Thirdly, providing constructive exit options is crucial. Academics may decide to leave the academy when faced with overwhelming frustrations and stress (Gelbrich, 2010). Our research highlighted the interplay between academic frustration, scientific passion, and entrepreneurial inclinations. Policymakers should understand these nuances and provide avenues for both academic transitions and entrepreneurial pursuits. This might involve the development of flexible career development programs that cater to diverse aspirations, fostering an environment where individuals can pivot their academic trajectories without encountering undue barriers. Moreover, policymakers should recognize the value of entrepreneurial endeavors and the potential for innovation that arises when academics venture into non-traditional career paths. By providing resources, mentorship, and networking opportunities, they can encourage the cultivation of entrepreneurial skills within academic communities.

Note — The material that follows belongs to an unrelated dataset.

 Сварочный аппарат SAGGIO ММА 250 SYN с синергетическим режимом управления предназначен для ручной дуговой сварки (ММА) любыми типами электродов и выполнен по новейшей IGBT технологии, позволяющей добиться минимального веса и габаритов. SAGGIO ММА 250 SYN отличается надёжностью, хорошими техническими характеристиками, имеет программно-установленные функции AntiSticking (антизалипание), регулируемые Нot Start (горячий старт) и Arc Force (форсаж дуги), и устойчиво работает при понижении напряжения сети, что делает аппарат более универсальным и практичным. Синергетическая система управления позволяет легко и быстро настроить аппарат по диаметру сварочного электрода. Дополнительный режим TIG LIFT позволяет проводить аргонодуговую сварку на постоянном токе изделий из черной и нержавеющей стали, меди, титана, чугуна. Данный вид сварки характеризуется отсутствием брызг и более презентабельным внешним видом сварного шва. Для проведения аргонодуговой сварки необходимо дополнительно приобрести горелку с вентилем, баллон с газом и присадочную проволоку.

Fourthly, the evaluation of academic assessment systems is essential. With the growing demands on academics and increasing frustrations, Bertucci (2015) pointed out the pitfalls of the current academic structure, such as the pressure to delay world-changing endeavors until after achieving tenure. A culture that appreciates the multifaceted nature of academic contributions needs to be cultivated, encouraging scholars to explore innovative research, mentorship, and public outreach without the fear of being undervalued or hindered in their professional advancement.

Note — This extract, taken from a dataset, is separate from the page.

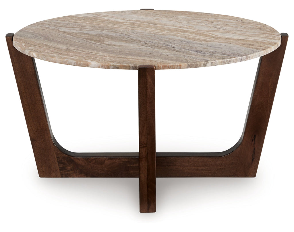Not only does the stunning Tanidore coffee table enhance the aesthetic of your home, but it also provides practicality and functionality. Crafted with a mango wood frame and natural marble top, its solid construction and durable materials ensure years of reliable use. It's the perfect blend of contemporary style and timeless elegance.

Lastly, our results could center the attention around the potential of open communication. Alzaanin (2021) underscores the detrimental effects of excessive workloads and high expectations on academics, which can potentially decrease their passion for established goals and job satisfaction. Consistently, we underscore the need for transparent dialog and feedback mechanisms between faculty and administration. Addressing the roots of frustration, fostering support systems, offering meaningful exits, revamping evaluation systems, and fortifying communication channels, all contribute to an academic environment where frustrations are preemptively addressed and academics flourish.

Conclusion

At a certain point in their career, academics passionately discuss how toxic academia is. Academia can be a challenging place to work at due to numerous reasons: participating in a research grant lottery, competing with a group of people who do the same thing and often not share valuable information, feeling anxious every day when comparing publicly available research impact metrics with other colleagues, facing unfriendly university systems pushing academics to publish more and ensure new grants, and the possibility of failure regardless of their hard work as everything depends on the luck component. These reasons can trigger feelings of jealousy, anger, bitterness, disappointment, and despair, leading to high levels of frustration and thus a desire to leave academia. People who experience academic frustration and entrepreneurial passion will consider leaving academia to start their business over time. However, if scientific passion remains dominant, academics may decide either to change the current university or spin-off into a research-related business. This research aims to stimulate further insights into the processes of how university systems should address this important issue and improve academia as a workplace. However, our study is not free of limitations. First, we validated our scales based on a relatively small sample characterized by data that were mainly collected from Italian, Slovenian, and English academics. Hence, the geographical scope of this study is narrower compared with the general study, which could limit generalizability (Netemeyer et al., 2003). Second, our study measures academic frustration in a self-reported assessment Likert scale: it represents a potential weakness because the susceptibility to response biases may compromise the validity of the assessments. Starting from our analysis, and adopting the newly developed scale, future research can enrich the academic debate on academics themselves, possibly enhancing our understanding and examining mitigation strategies regarding the identified sources of academic frustration.